Wednesday, October 22, 2008

How are dry eyes diagnosed?

If you suspect you have dry eyes on wearing contact lenses, you should make an appointment to see your eye doctor. Your historical information gives the most reliable clues to the diagnosis of dry eyes. A careful examination of all the eye tissues usually provides more documentation for making a diagnosis.

While assessing for CLIDE your doctor will document your comprehensive contact lens history. He will evaluate whether the lens has been worn daily or extended overnight. Your doctor may need to ensure that you are not sleeping in lenses approved for daily wear, as this can lead to CLIDE. Environment factor such as humidity, closer to heating or air conditioning duct may aggravate CLIDE.

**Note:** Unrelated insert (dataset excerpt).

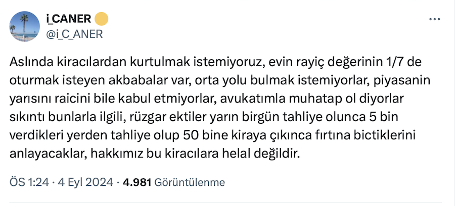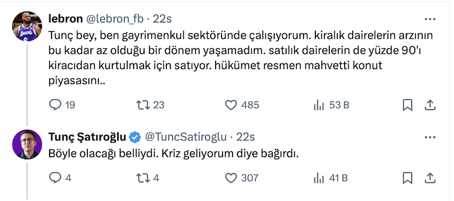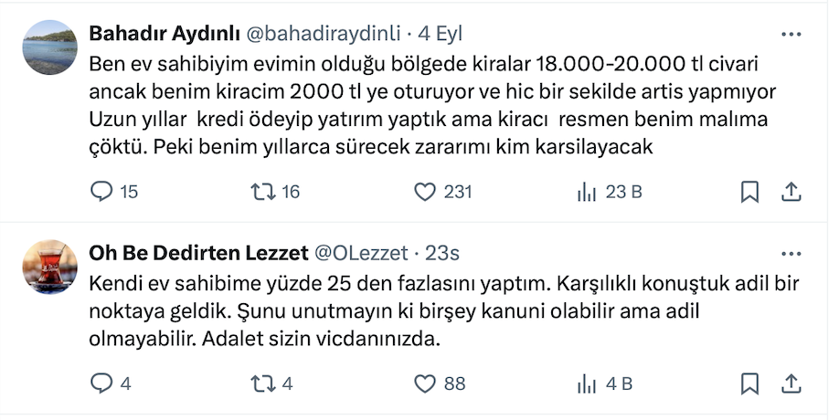 Şatıroğlu paylaşımında, “Kira artışına yüzde 25 sınır koyunca rüzgar ekildi şimdi fırtına biçiliyor” ifadelerini kullandı.

Your eyes may be examined using a special microscope called a slit lamp. The condition of the tear film (the layer of liquid) on your eyes is looked at, and the cornea (front of the eye) is checked to see if it has dried out, or has been damaged. Your doctor may also use different dyes to see if skin cells on the eye have worn away. The dye is put in your eye as an eye drop, and the dye will temporarily stain the eye where cells have worn away.

A test called the Schirmer test may also be carried out. A thin strip of filter paper is placed just inside the lower eyelid. After a few minutes, the paper is then removed to see how much liquid it has soaked up. Your doctor can then measure how dry your eyes are.